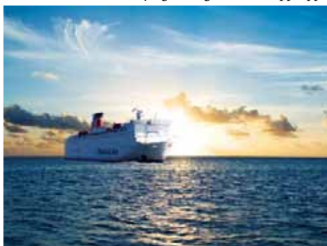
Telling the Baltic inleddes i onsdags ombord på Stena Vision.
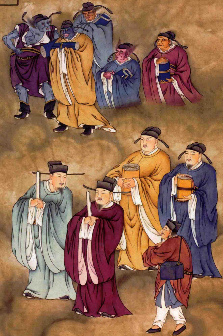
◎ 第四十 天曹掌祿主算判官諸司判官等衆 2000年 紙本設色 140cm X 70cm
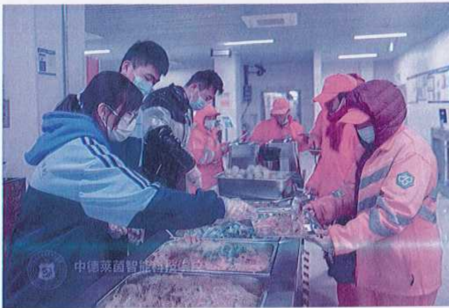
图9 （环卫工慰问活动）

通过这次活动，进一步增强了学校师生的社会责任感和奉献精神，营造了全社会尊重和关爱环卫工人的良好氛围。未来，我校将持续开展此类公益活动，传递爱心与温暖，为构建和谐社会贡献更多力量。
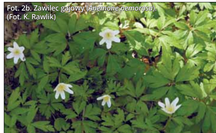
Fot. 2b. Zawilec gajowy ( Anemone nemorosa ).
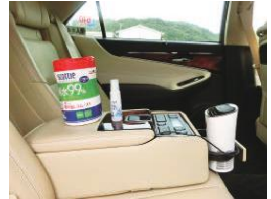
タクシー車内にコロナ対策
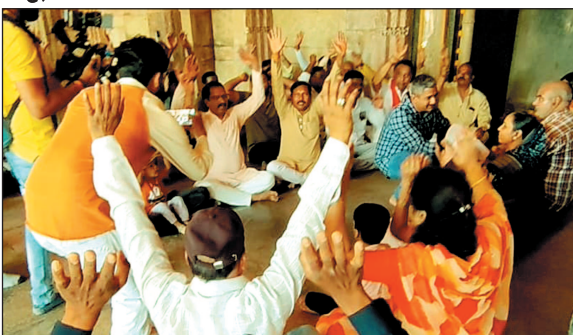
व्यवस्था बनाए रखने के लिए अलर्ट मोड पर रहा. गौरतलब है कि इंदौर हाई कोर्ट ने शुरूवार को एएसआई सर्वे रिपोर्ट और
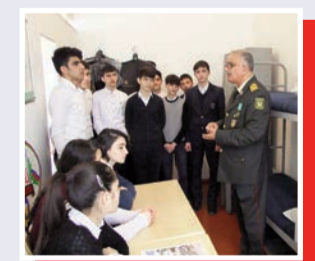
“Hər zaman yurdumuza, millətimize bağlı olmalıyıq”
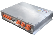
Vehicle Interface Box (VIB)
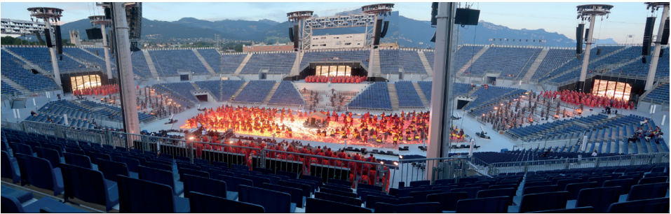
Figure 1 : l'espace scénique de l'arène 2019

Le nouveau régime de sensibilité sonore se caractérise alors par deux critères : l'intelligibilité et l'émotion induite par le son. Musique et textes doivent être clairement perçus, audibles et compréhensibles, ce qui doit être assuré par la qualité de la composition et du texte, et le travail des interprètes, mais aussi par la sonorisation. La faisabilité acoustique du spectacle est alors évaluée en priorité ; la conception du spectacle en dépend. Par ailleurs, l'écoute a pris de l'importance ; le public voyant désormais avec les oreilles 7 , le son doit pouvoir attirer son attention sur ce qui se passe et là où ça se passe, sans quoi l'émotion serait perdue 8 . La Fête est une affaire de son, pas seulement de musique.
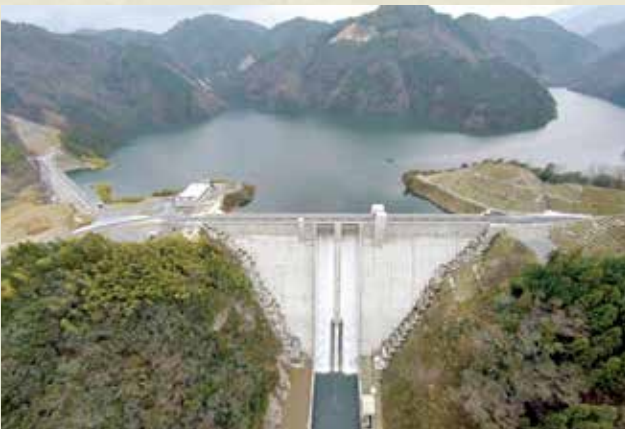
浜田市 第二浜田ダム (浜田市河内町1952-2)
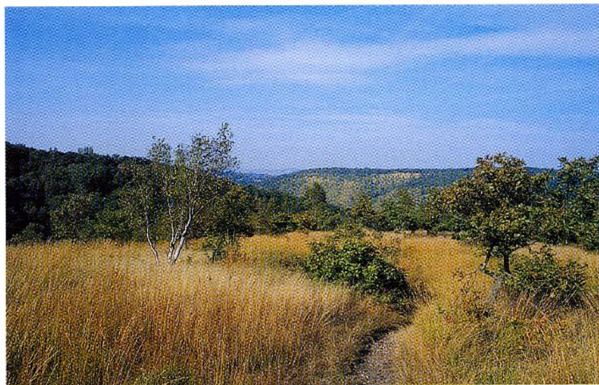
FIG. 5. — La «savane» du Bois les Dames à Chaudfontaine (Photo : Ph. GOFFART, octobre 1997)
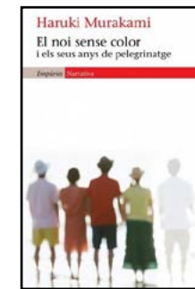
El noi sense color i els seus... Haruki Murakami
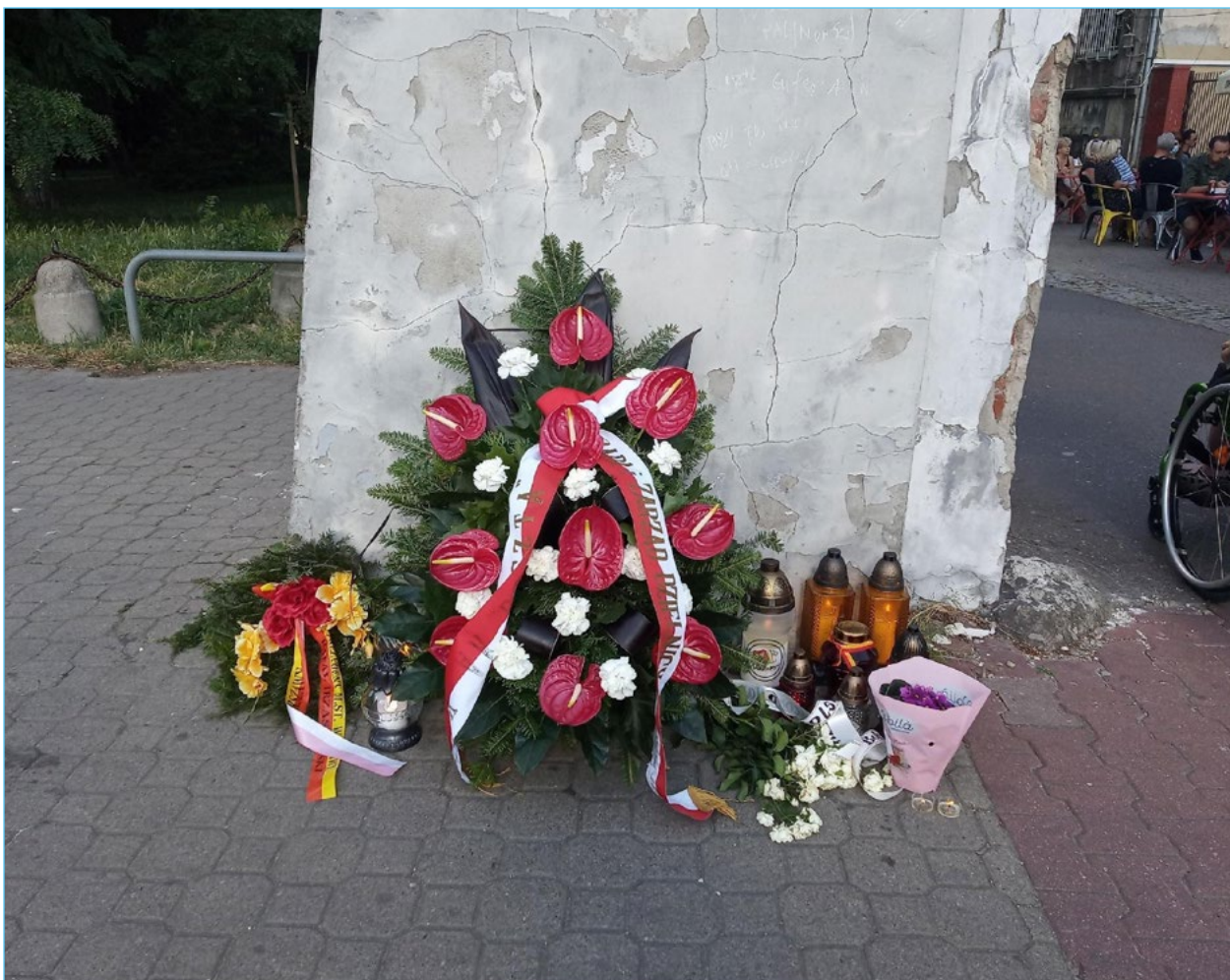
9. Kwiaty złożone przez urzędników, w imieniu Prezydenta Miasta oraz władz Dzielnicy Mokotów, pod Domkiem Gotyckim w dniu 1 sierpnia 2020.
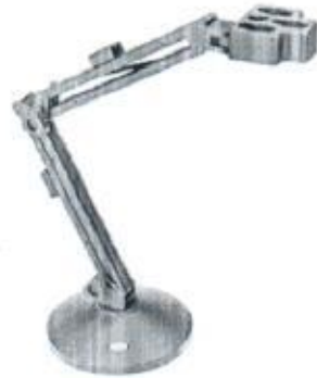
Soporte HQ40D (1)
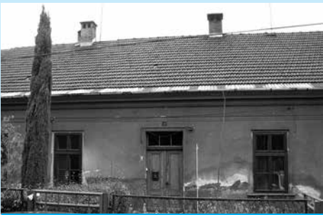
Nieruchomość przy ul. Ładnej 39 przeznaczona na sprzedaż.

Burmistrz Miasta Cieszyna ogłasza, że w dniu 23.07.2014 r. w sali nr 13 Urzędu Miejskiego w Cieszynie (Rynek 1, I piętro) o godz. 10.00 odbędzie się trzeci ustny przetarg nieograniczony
______________________________
Leaving pictures out, output the lines of the data above from the one with "zaman yurdumuza, millətimize" through the one with "Figure 1 : l'espace scénique de l'arène 2019", word for word.

“Hər zaman yurdumuza, millətimize bağlı olmalıyıq”
Vehicle Interface Box (VIB)
Figure 1 : l'espace scénique de l'arène 2019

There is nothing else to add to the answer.